Meaningful learning requires activation of relevant prior knowledge (Ausubel, 1962, 1963). Learners who encounter a new concept equipped with relevant, activated, adequate prior knowledge will find the new concept intuitive. When concepts are not intuitive, learners often struggle and may fail (Hestenes, Wells, & Swackhamer, 1992). When learners do not have prerequisite knowledge, instruction should provide relevant experience (Merrill, 2002). This chapter summarizes how game-based, metaphor-enhanced (GaME) learning objects can help learners construct viable prior knowledge from game play experience. Learners play a GaME to construct prerequisite knowledge that will prepare them for direct instruction.

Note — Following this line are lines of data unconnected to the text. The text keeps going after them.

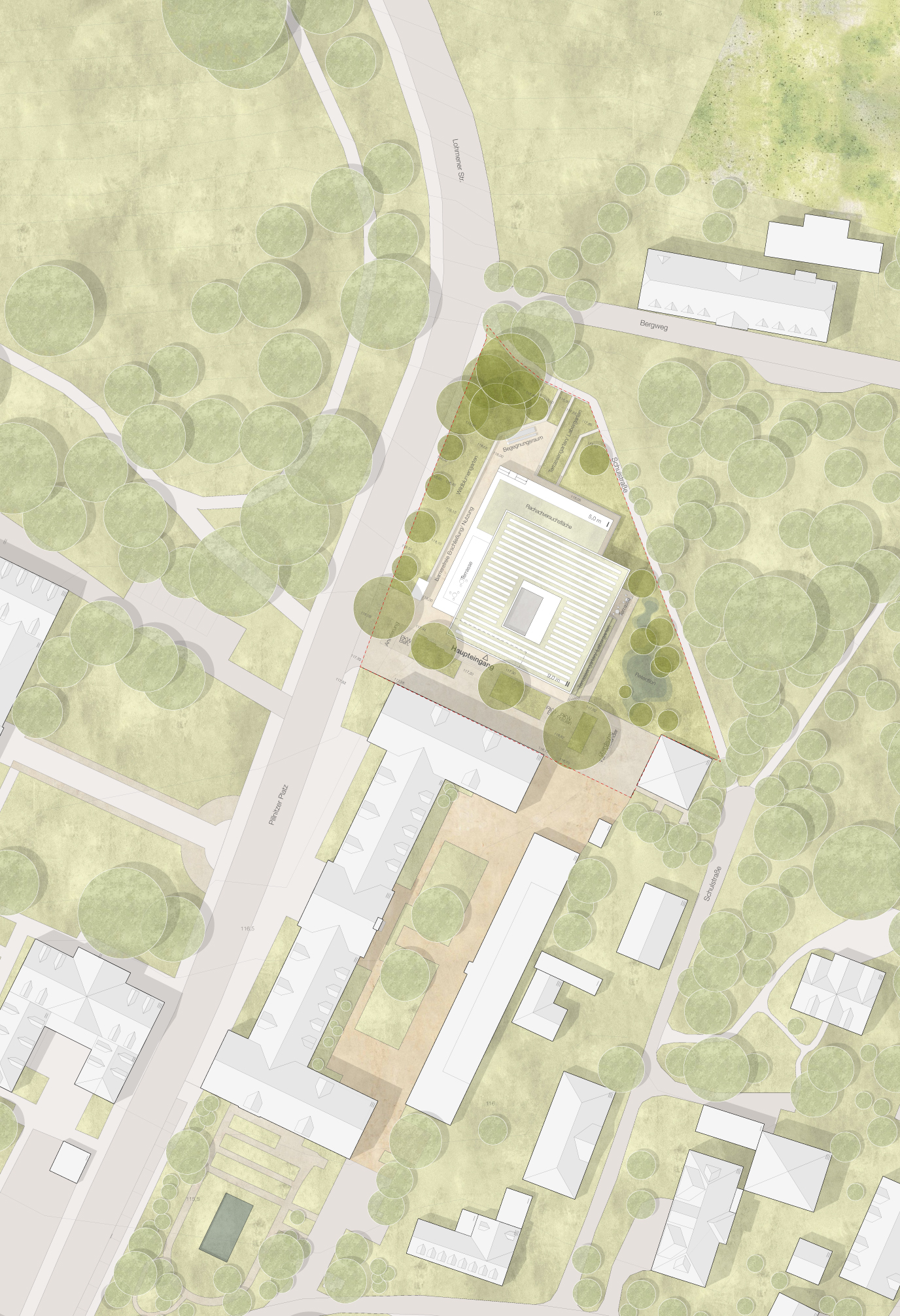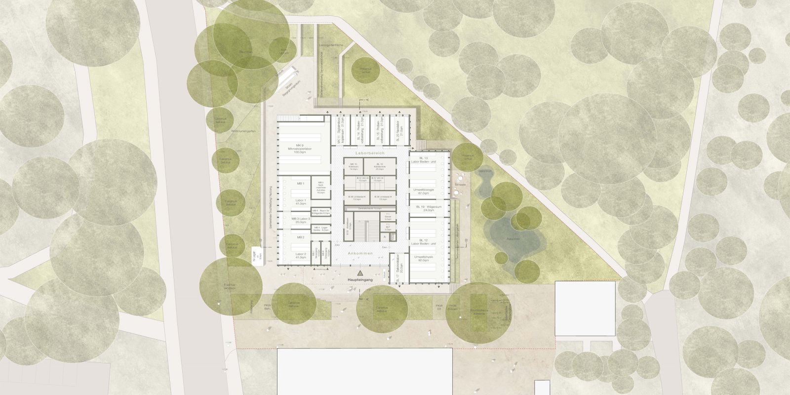 Die Anlage von klimaresilienten Pflanzungen im Vorgartenbereich (Pillnitzer Platz) und großzügig dimensionierten begrünten Baumscheiben erhöhen die Biodiversität und tragen künftig zur Eingrünung des Baukörpers bei. Nördlich des Gebäudes bietet die terrassierte Gartenfläche Potential für die Anlage eines Laborgartens bzw. für Versuchspflanzungen. Die innerhalb des Baukörpers verortete Funktion einer Lern- und Forschungseinrichtung wird somit, neben der Anlage eines Dachgartens, in den Außenraum erweitert. Im hinteren Gartenbereich bleibt der Wiesenraum mit vorhandenen Retentionsmulden erhalten.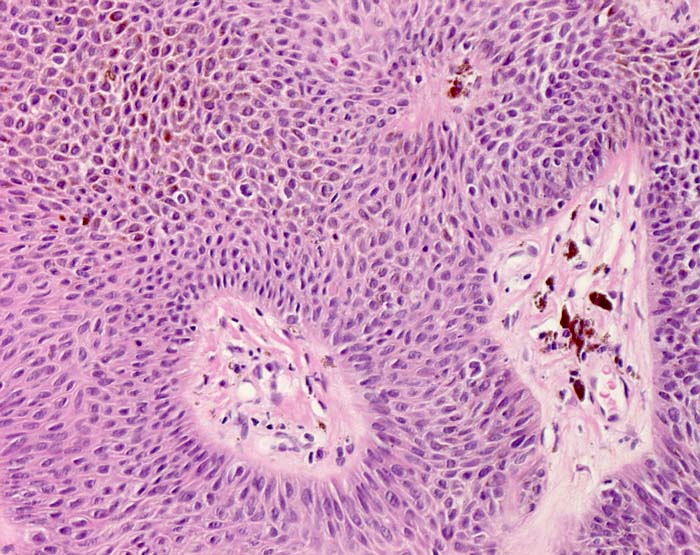 Intraepidermale Proliferation monomorpher zytoplasmaarmer basaloider Tumorzellen. Zahlreiche Tumorzellen sind kräftig pigmentiert. Melanophagen in der papillären Dermis.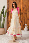 [message]Fall in love with the breezy beauty of this boho maxi dress by SO ME 🌼. With its floral print, flowy A-line shape, and vibrant pink ribbon trim, this dress adds charm and whimsy to your wardrobe. The tiered ruffle hem and puff sleeves create a feminine silhouette, while the stretchy waistband flatters your curves and keeps you comfy all day long. From brunches to beach walks or dancing barefoot in the backyard, this dress transitions effortlessly from day to night. Soft, breathable, and easy to care for—what more could a boho babe ask for? 💖💃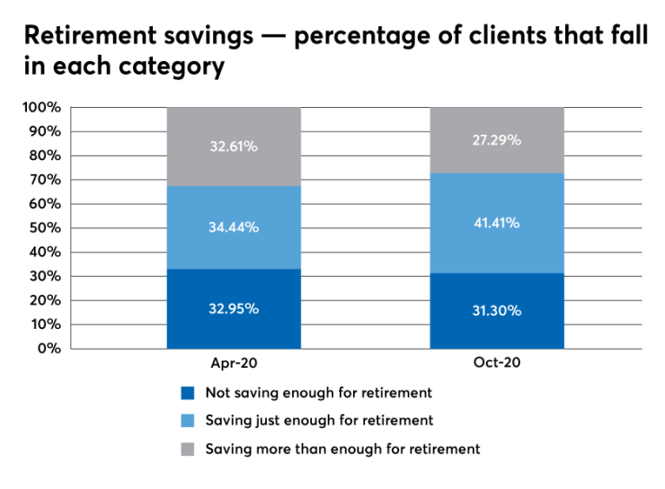 However, the number of clients saving more than enough for retirement fell off a few percentage points over the same span, according to the survey.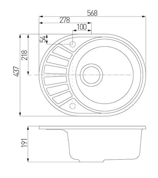 - Размеры раковины (ШхВxГ): 568х437х191 мм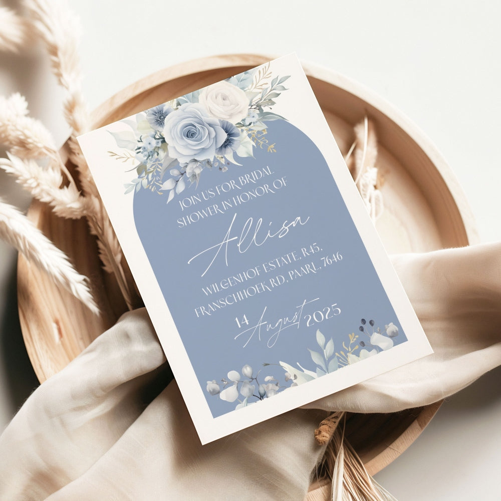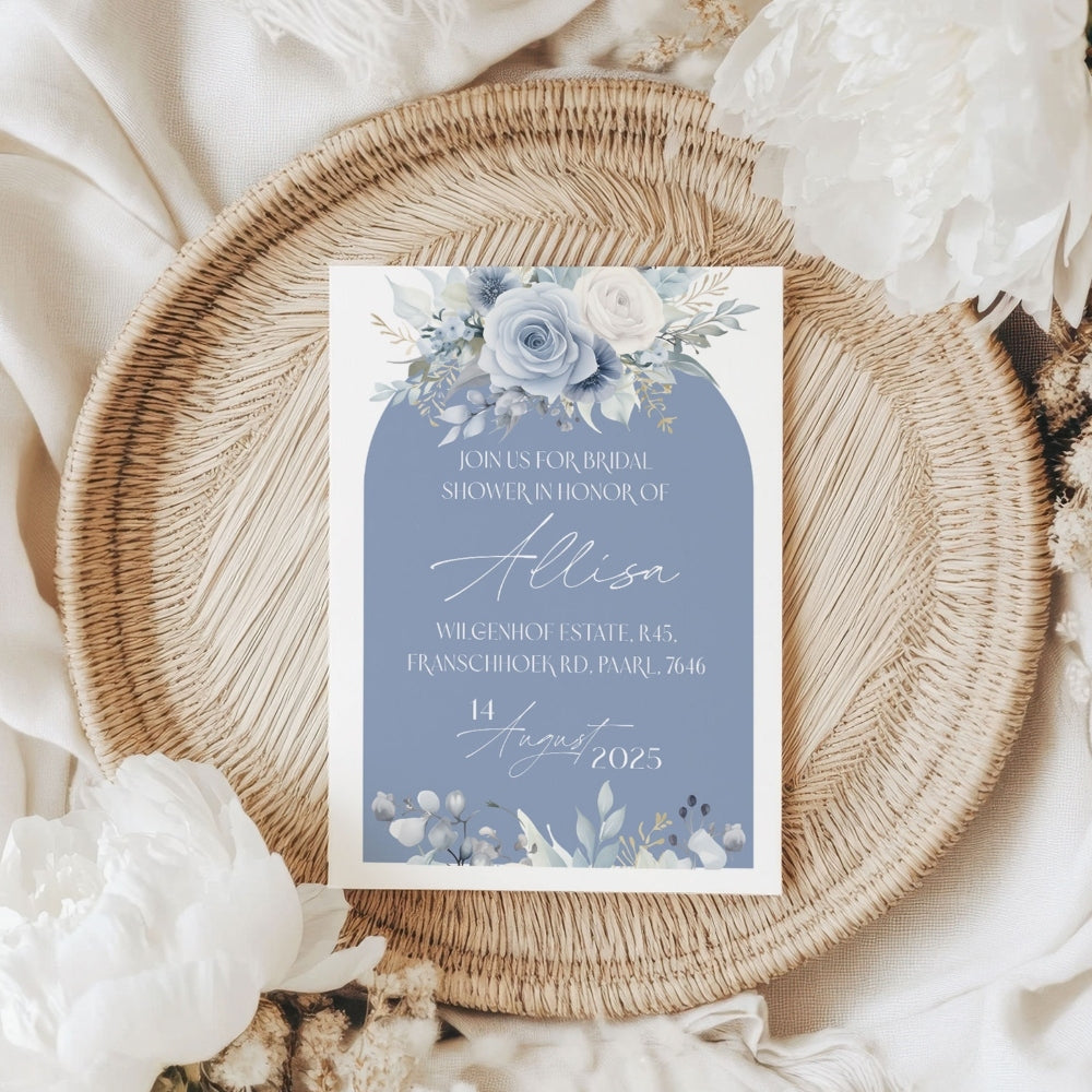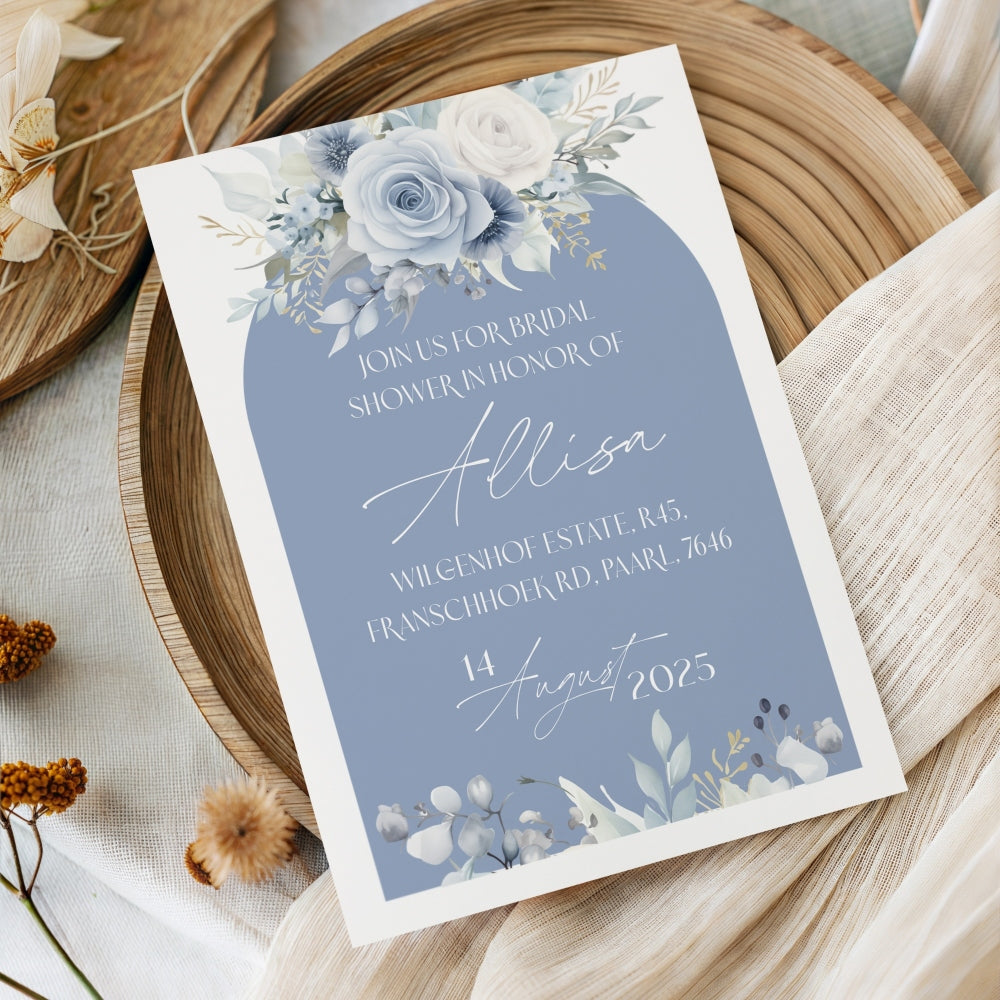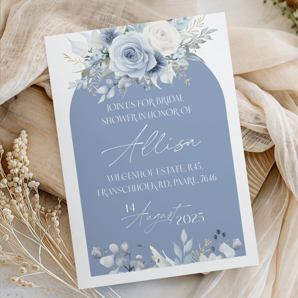 Introducing our Serene Blues Bridal Shower Invitation – a perfect blend of nature-inspired beauty and modern convenience! This stunning design features soft blues, delicate flowers land a subtle green accents, bringing a refreshing and timeless aesthetic to your special event.

The GaME research program is founded on the assumption that game-based technologies are powerful learning tools (Gee, 2003, 2005a). The program specializes in one type of learning objective and one event of instruction:

  • Learning objective: Complex, introductory concepts

  • Event of instruction: Prior knowledge

GaMEs are engineered to make complex concepts both embodied and intuitive. A GaME:

  • Is game-based. A GaME has goals, a system, and game play. The goal is to motivate targeted learning. In addition, transactions within the game world connect learning to the player’s sensory and perceptual systems.

  • Is metaphor-enhanced. GaME design applies cognitive science theories of analogical reasoning. The GaME world, its relational system, and the game goal are analogs for the targeted conceptual domain. The GaME lets learners construct sound and viable mental models of targeted conceptual domains.

  • Is a learning object. A GaME functions as a self-contained, decontextualized instructional module.

  • Accelerates the experience. A good novel or movie focuses on experience salient to its story and compresses days, years, and even lifetimes in a few hours. GaMEs focus on experience relevant to the targeted conceptual domain. Over a few hours of engineered game play, players experience days, years, and even lifetime equivalents of viable transactions with the target domain.

A GaME design team specifies the relational structure of the target domain and then defines an analogous GaME world of time, space, and the objects and relations that define them. Within the GaME world these become relevant lived experience for learners. Learners construct a model of how to progress through the GaME system. They form hypotheses and test them, developing a mental model analogous to the targeted domain by creating viable prior knowledge. Research has shown that lived experience in the physical world often leads to mental models that make science concepts counterintuitive (Hestenes et al., 1992). GaMEs are engineered for lived experience within a GaME world that makes science concepts intuitive.